Amongst current treatment methods, folate metabolism is known as one of the best targets for drug development [4]. It includes two important enzymes, dihydrofolate reductase-thymidinesynthase (DHFR-TS) and dihydropteroate synthase. The inhibition of these two enzymes might abrogate essential folate cofactors for DNA synthesis and metabolism of several amino acids [5]. Up to date, many antifolate drugs have been developed for the treatment; however, it is increasingly susceptible to the resistance in malaria parasite. Mutations occur in the active site of the two enzymes, directly affecting the binding ability of drugs and resulting in diminished long-term efficiency [6]. In addition, these types of drugs were reported to have several side effects on bone marrow, skin, and hair [7]. Due to the burden this disease causes to the health and social systems, more novel agents are still in urgent need, especially the one originated from natural sources with less side effects during treatment. Cannabis sativa L. has been well studied in terms of chemical composition with hundreds of compounds being identified so far and they are rich in cannabinoids, flavonoids, sophoroside, etc. Amongst them, several flavonoids were reported in previous studies for potential antimalarial activity [8,9], thus, suggesting this species is an interesting natural source for further investigation.

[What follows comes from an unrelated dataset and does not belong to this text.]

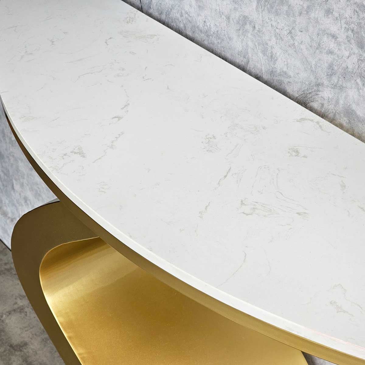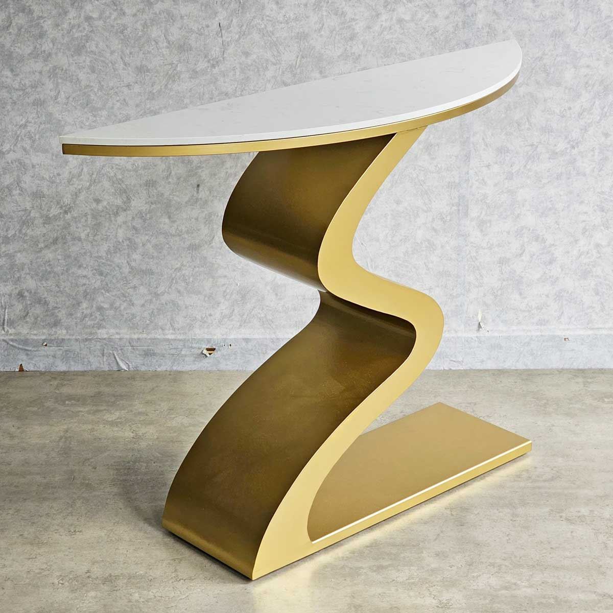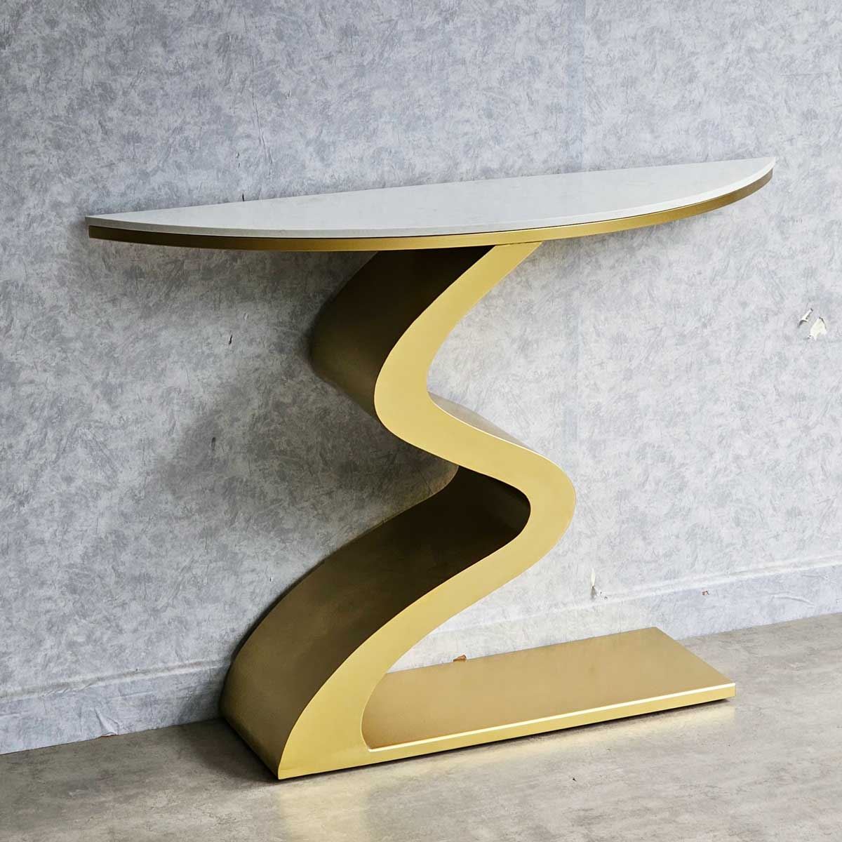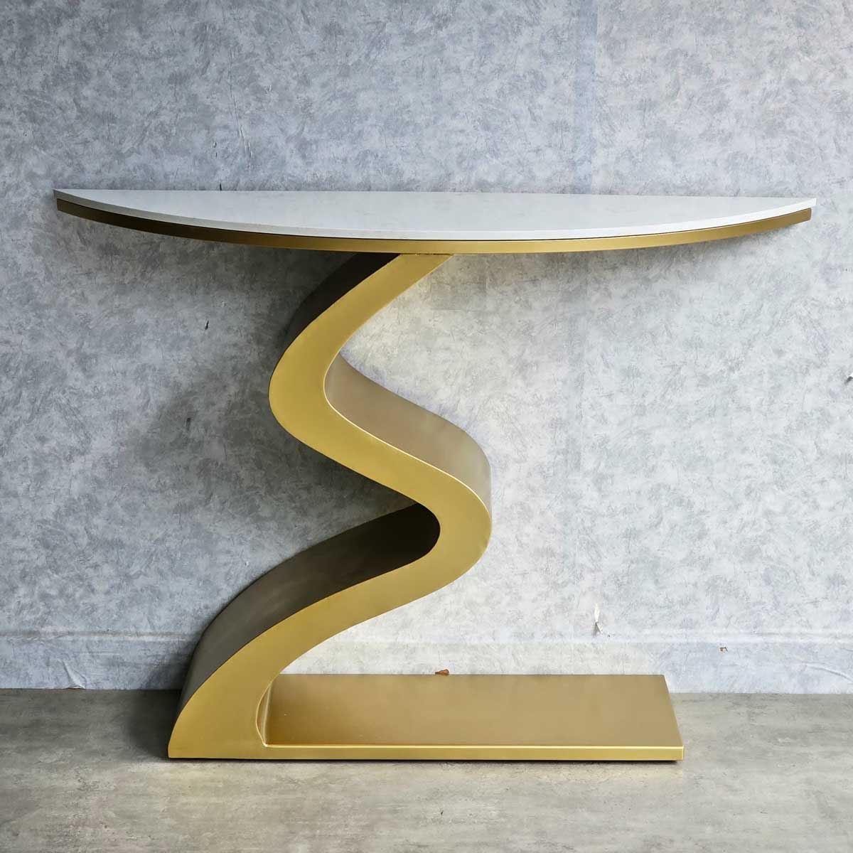 Bàn console CST058 có phần chân sắt được gia công theo hình dáng gợn sóng độc đáo và ấn tượng, thích hợp để trong các không gian sang trọng. Mặt bàn sử dụng chất liệu đá vân mây đẹp mắt. Bạn có thể đặt để đặt lọ hoa, sách trang trí hoặc các vật dụng trang trí khác để tạo nên một không gian trang trí ấn tượng.

In this study, a set of 125 compounds from Cannabis sativa L. were assessed for drug-like and pharmacokinetic properties and then, molecular docking study was conducted against enzyme pfDHFR-TS to find potential inhibitors for further drug development.
2 Experimental methods
2.1 Protein and ligand preparation
Among 14 structures of enzyme pfDHFR-TS available from Protein Data Bank (RCSB PDB), the best structure with PDB ID: 1J3I was selected for research with a resolution of 2.33 Å [10,11]. The protein structure was prepared using the Graphical User Interface program named Autodock Tools to produce accurate representation of amino acid residues in terms of ionization and tautomeric states [12]. Procedures of the protein preparation process included removal of water molecules, addition of polar hydrogen atoms, and assignment of Kollman united atom partial charges and salvation parameters. Obtained atomic coordinates of the protein were then exported into a PDBQT file which will be used for execution of AutoGrid and AutoDock.

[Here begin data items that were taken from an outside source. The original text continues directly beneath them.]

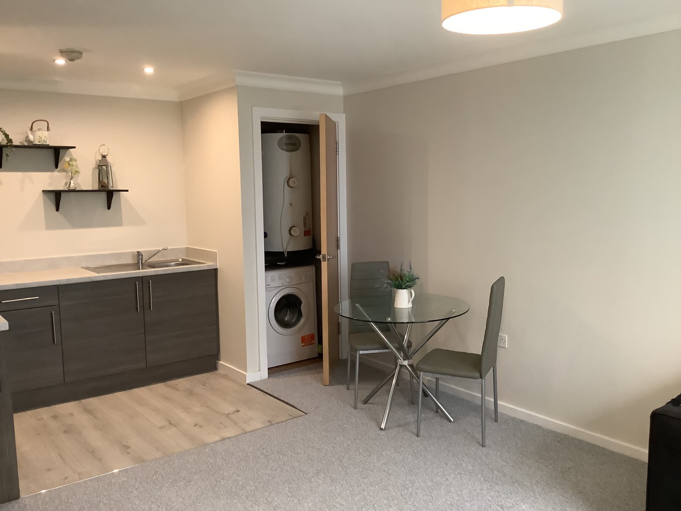 The apartment has been redecorated throughout with new carpets and
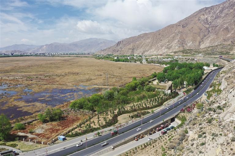 這個季節(jié),行駛在拉薩環(huán)城路,一路花香鳥語,風景獨好。北環(huán)線上的拉魯濕地、北山公園、西藏美術(shù)博物館;南環(huán)線上的南山公園、文成公主實景劇場、西藏非物質(zhì)文化遺產(chǎn)博物館、網(wǎng)紅橋;以及西環(huán)線附近的香雄美朵生態(tài)旅游文化產(chǎn)業(yè)園、民族團結(jié)主題公園;還有跨越拉薩河的吉曲大橋……瞬間勾勒出一幅五彩斑斕的畫卷。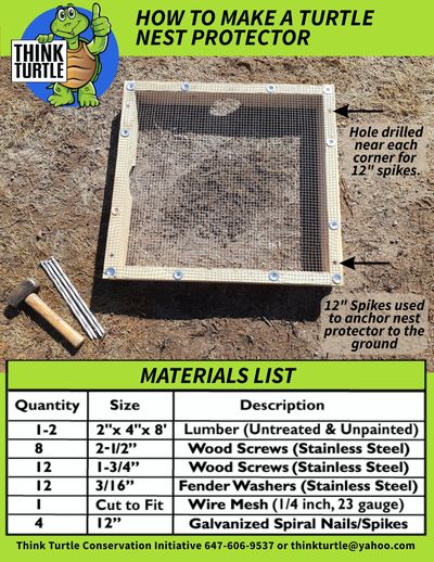 The following are instructions for constructing a standard wood frame nest protector. This vital tool, successfully used by the Think Turtle Conservation Initiative for several years, plays a crucial role in deterring predators and protecting many nests. If you substitute materials or make changes to the methods of construction outlined, please keep the general principles of a turtle nest protector in mind.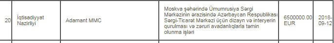 İqtisadiyyat Nazirliyi Ümumrusiya sərgi mərkəzinin ərazisində Azərbaycanın sərgi-ticarət mərkəzinin dizaynı, interyeri, zəruri avadanlıqla təmin olunmasına 6,5 milyon manat yönəldəcək.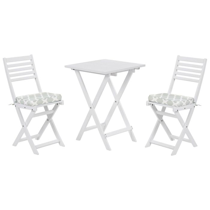 Acacia Wood Garden Bistro Set with Mint Green Cushions White FIJI

The chemical structure of 125 compounds isolated from Cannabis Sativa L. were collected from published literature [8,9,13] (Figure S1). Chemical structures of these compounds were visualized using Marvin software. The 3D structure of the compounds were built using Pymol 2.2.2 [14]. The energy minimization was carried out using Gabedit 2.5.0 [15]. Open bioactivity prediction online server Molinspiration and ProTox-II were utilized to evaluate the drug-like properties and the acute toxicity of all the research compounds.
2.1.1 Docking using AutoDock4.2.6
A computer equipped with Intel®CoreTM i7-9700K CPU @ 3.60 GHz, with 32 GB DDR4 RAM, was utilized to perform docking runs. Docking results were analyzed by different packages including PyMOL [14], Discovery Studio Visualizer [16], LigPlus [17], and Maestro [18]. Distances of hydrogen bonds between the hydrogen and its assumed binding partner were calculated based on the analyzed result.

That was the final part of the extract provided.